6.28 The Scottish Vowel-Length Rule

6.28.1 The Scottish Vowel-Length Rule set up

The removal of Vowel 7 from the back to the front vowel system, followed by changes in the qualities of the vowels that underwent GVS, abolished the historical vowel-length oppositions between long and short vowels that had existed at the time of OSL.

It now became possible to shorten long vowels without, in most cases, producing mergers with existing short vowels (but see below). This shortening took place except in environments specially conducive to longer vowel-duration. The resultant Scottish Vowel-Length Rule (SVLR) may be thus expressed:

The affected stressed vowels are realised long in end-stressed syllables before the voiced fricatives – /v, ð, z, ʒ/ – in most dialects /r/, before a word-boundary and in hiatus; in other environments they are realised short.

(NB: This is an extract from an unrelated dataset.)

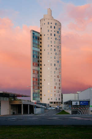 TARTU, ESTONIA - Aug 06, 2015: Tigutorn highrise during sunset in Tartu, Estonia. 2015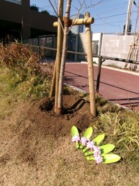 いよいよ明日行う「開校6周年記念植樹セレモニー」に向けて、立派な桜の木を5本植...

Or, in the usual formulation:

{
 
V > V: / –
 
r
v z ʒ ð
#+
}

This then resulted in SVLR-governed vowel-length differences between e.g.:

  • Vowel 2: tree with [i:], and heich ‘high’, with [i];
  • Vowel 3 is mostly merged with Vowel 2 or Vowel 4;
  • Vowel 4: lave ‘remainder’ with [e:] and late with [e];
  • Vowel 6: now with [u:] and about with [u];
  • Vowel 7: puir ‘poor’ with [ø:] and muin ‘moon’ with [ø] (or [i:] and [i], [e:] and [e, ɪ], etc);
  • in addition, Vowel 1, following its diphthongisation by GVS, yielded SVLR long [a:ɪ], [ɑ:e] or the like, in e.g. five, and SVLR short [εi], [əi], [ʌi] or the like, in e.g. bite;
  • On Vowel 5, see below.

Notice that the first element of the now diphthongal Vowel 1 was also shortened. It is not necessary to suppose that Vowels 8 and 12 were still diphthongal in order to explain their opting out of the SVLR in most dialects. This may be due rather to the pattern of diffusion of the SVLR, from the highest to the lowest vowel-height, thus leaving Vowels 8 and 12, and also 5, as exceptions in many dialects. The result was a new, essentially allophonic, rule that determines vowel-length over part of the Scots vowel-system.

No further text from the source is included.